DATA SECTION:
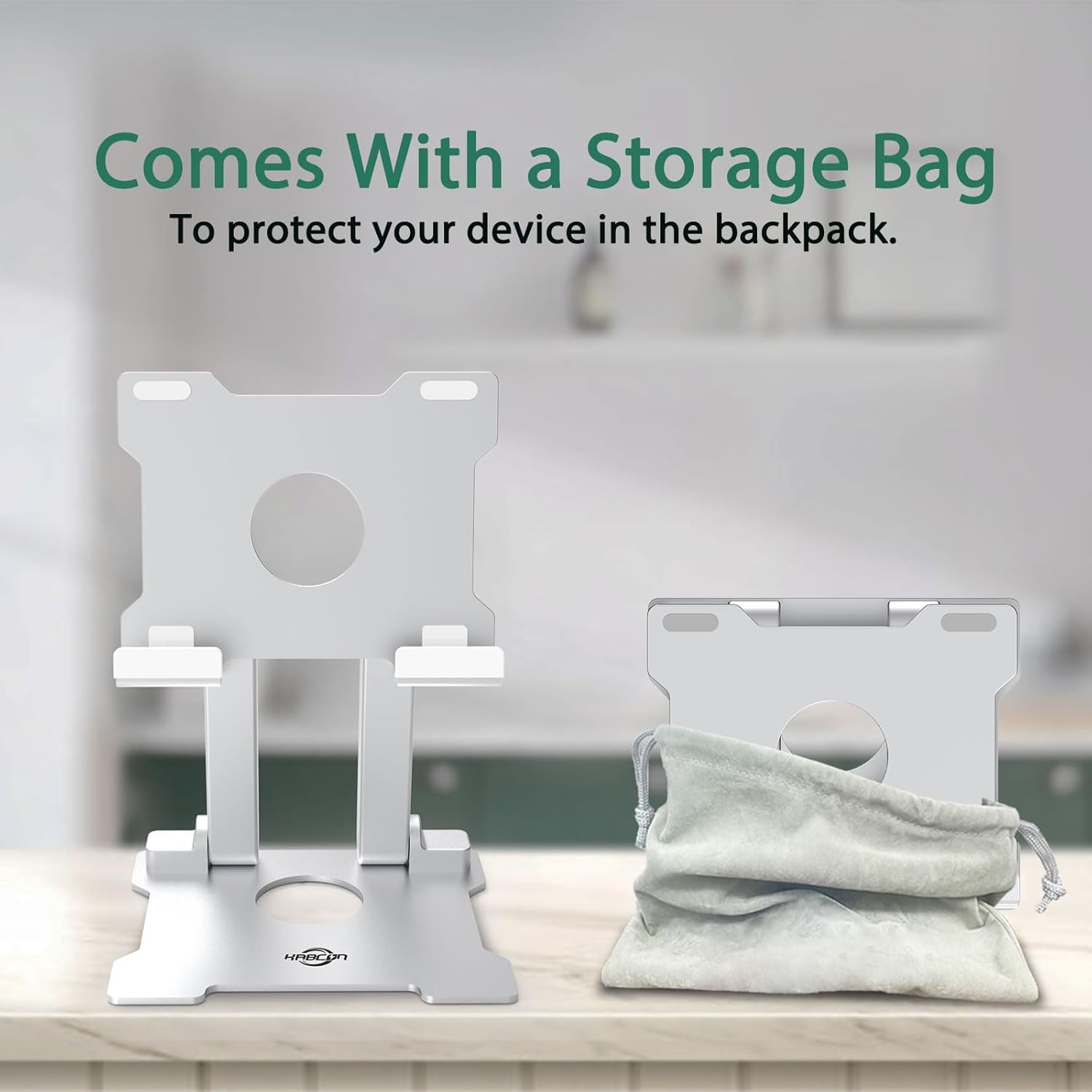 KABCON Quality Tablet Stand,Adjustable Foldable Eye-Level Aluminum Solid Up to 15-in Tablets Holder for Microsoft Surface Series Tablets,iPad Series,Samsung Galaxy Tabs,Amazon Kindle Fire,Etc.Silver
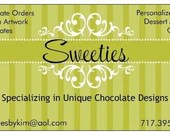 **If you know of anyone in your circle that could benefit from having their company logo on our items to promote their business, please let us know. We're accepting corporate orders using custom logos and prints. For every referral that becomes an order, you'll receive a $50 gift certificate for our Sweeties shop!
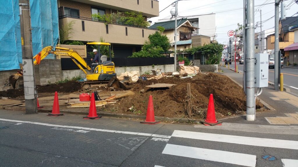 既存建物を解体し、やり方を掛け、基礎を打ち上棟し、外壁工事を行い、外壁完了まで・・・。
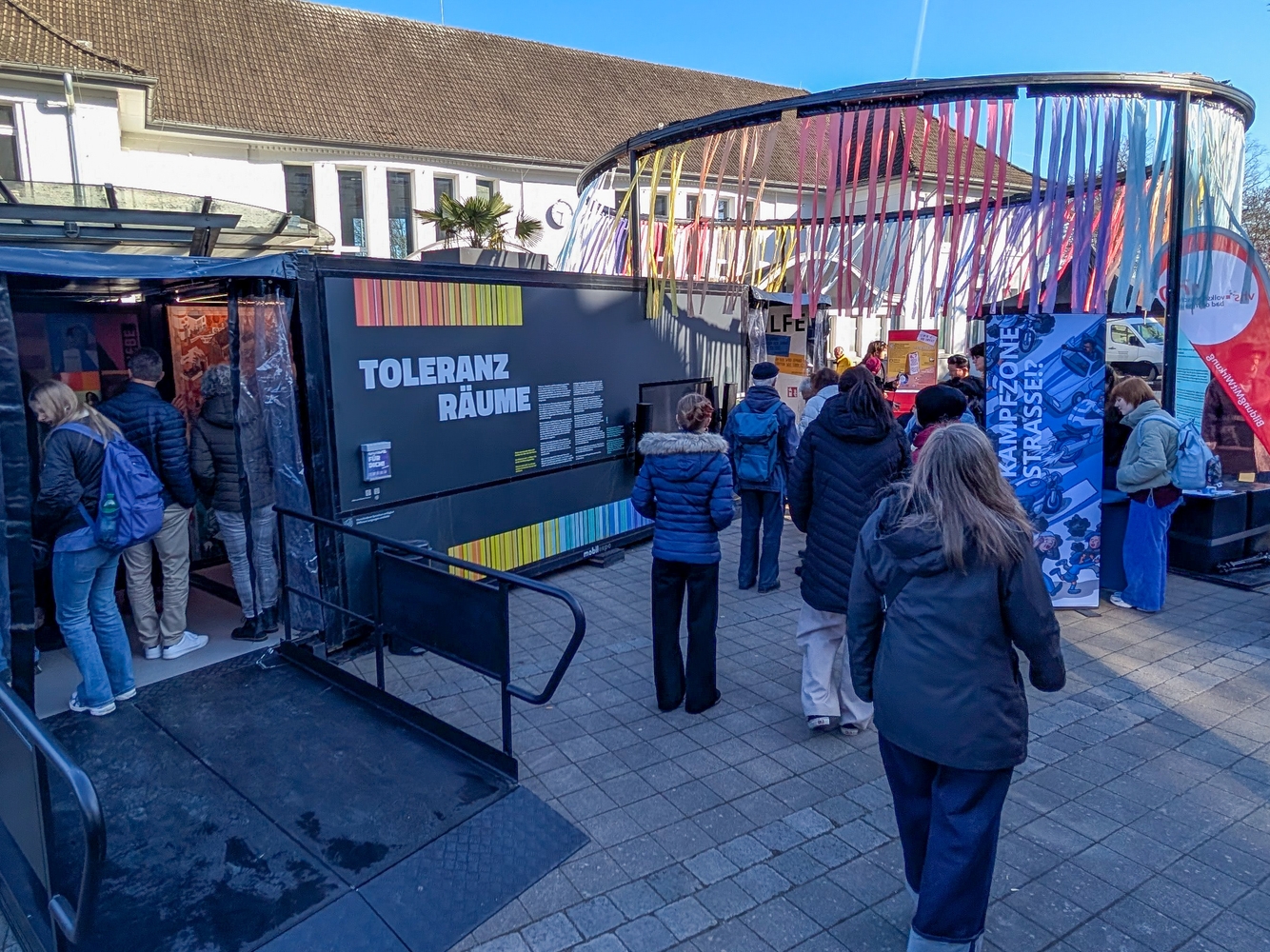 Bis zum 29. März wird der Ausstellungscontainer samt interaktivem Außenbereich auf dem Bahnhofsvorplatz stehen (Nordbahnhof, Herforder Straße) – also mitten im öffentlichen Raum, kostenlos und für alle zugänglich. Die Ausstellung wird rund um die Uhr geöffnet sein. Drinnen geht es um den Begriff der Toleranz und besondere Beispiele aus der Geschichte. Draußen wird mit Beispielen aus dem Alltag gezeigt, wo Toleranz wichtig ist und wie sich die Menschen für mehr Respekt im gegenseitigen Umgang einsetzen können.

PROBLEM TO SOLVE: Return the lines from the one that contains "our Sweeties shop!" through the final line of the listing above, inclusive. Transcribe them exactly and drop the pictures.

WORKED SOLUTION:
 **If you know of anyone in your circle that could benefit from having their company logo on our items to promote their business, please let us know. We're accepting corporate orders using custom logos and prints. For every referral that becomes an order, you'll receive a $50 gift certificate for our Sweeties shop!
 既存建物を解体し、やり方を掛け、基礎を打ち上棟し、外壁工事を行い、外壁完了まで・・・。
 Bis zum 29. März wird der Ausstellungscontainer samt interaktivem Außenbereich auf dem Bahnhofsvorplatz stehen (Nordbahnhof, Herforder Straße) – also mitten im öffentlichen Raum, kostenlos und für alle zugänglich. Die Ausstellung wird rund um die Uhr geöffnet sein. Drinnen geht es um den Begriff der Toleranz und besondere Beispiele aus der Geschichte. Draußen wird mit Beispielen aus dem Alltag gezeigt, wo Toleranz wichtig ist und wie sich die Menschen für mehr Respekt im gegenseitigen Umgang einsetzen können.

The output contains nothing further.